▸ **RAW DATA**
--- START ---

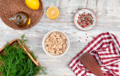 Для мусса разберите рыбу на небольшие кусочки. Положите в блендер и измельчите, смешайте с лимонным соком и мелко нарезанным укропом.
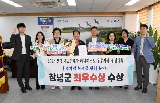 [뉴스서울] 창녕군은 지난달 31일 열린‘2024 전국 기초단체장 매니페스토 우수사례 경진대회’에서 경제적 불평등 완화 분야 최우수상을 수상했다고 밝혔다.
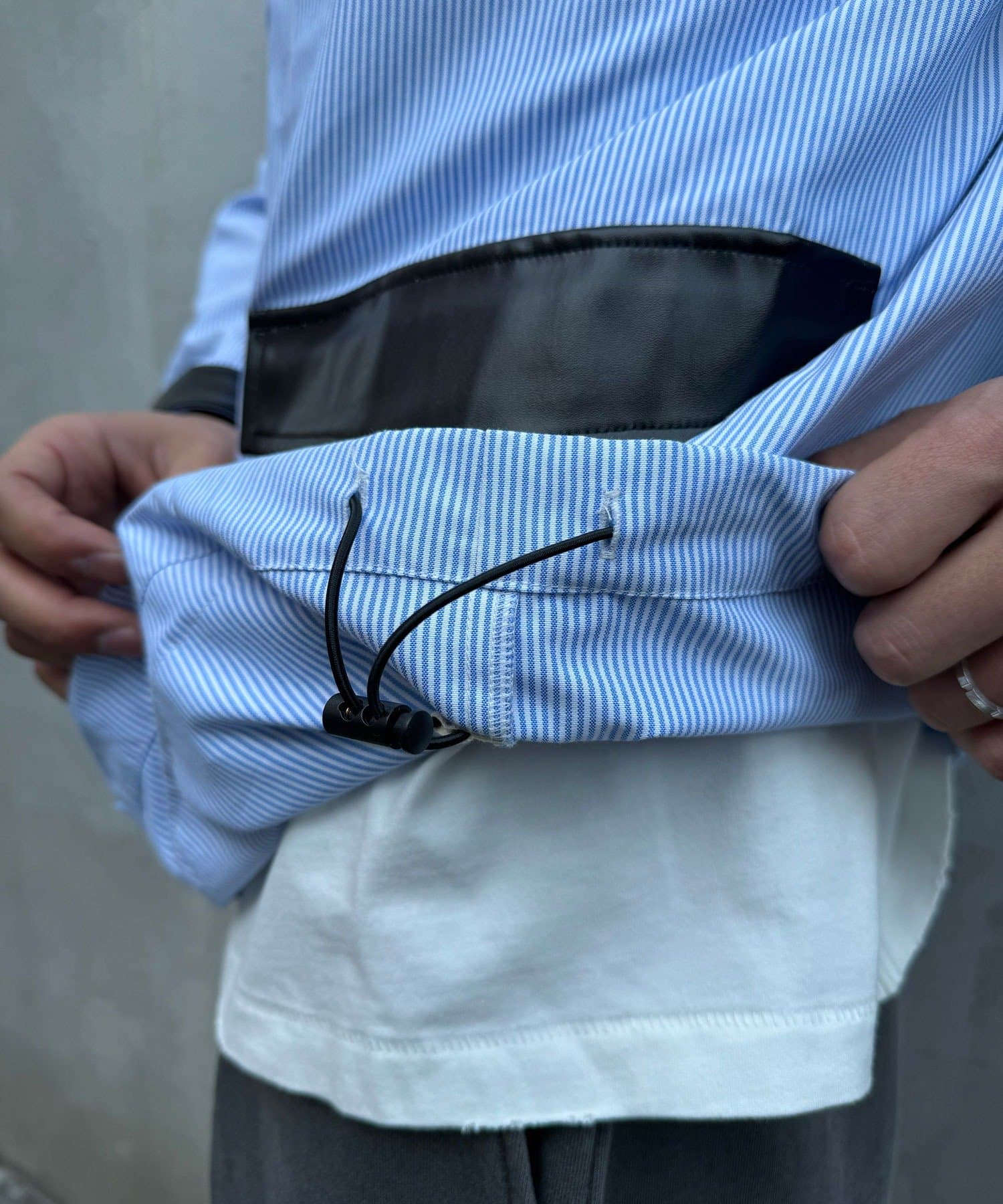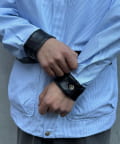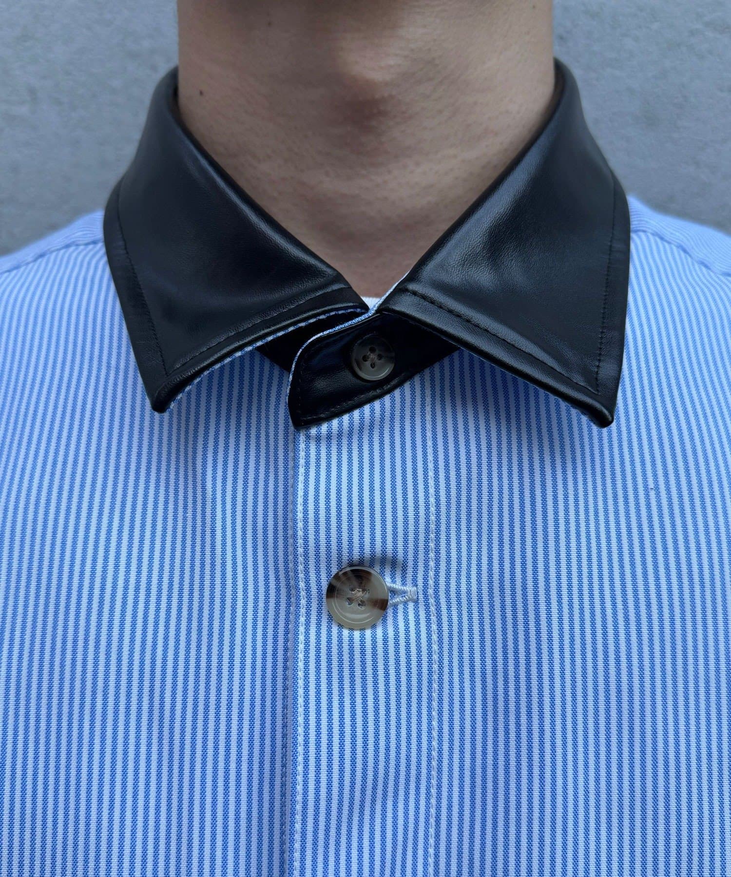 細かなストライプ柄とレザーの質感が絶妙にマッチし、羽織るだけで品のあるワークスタイルが完成します。

--- END ---

▸ **EXERCISE PROMPT**
Could the data above be returned in full, exactly, with every image left out?

▸ **SOLUTION FOR THIS EXERCISE**
 Для мусса разберите рыбу на небольшие кусочки. Положите в блендер и измельчите, смешайте с лимонным соком и мелко нарезанным укропом.
 [뉴스서울] 창녕군은 지난달 31일 열린‘2024 전국 기초단체장 매니페스토 우수사례 경진대회’에서 경제적 불평등 완화 분야 최우수상을 수상했다고 밝혔다.
 細かなストライプ柄とレザーの質感が絶妙にマッチし、羽織るだけで品のあるワークスタイルが完成します。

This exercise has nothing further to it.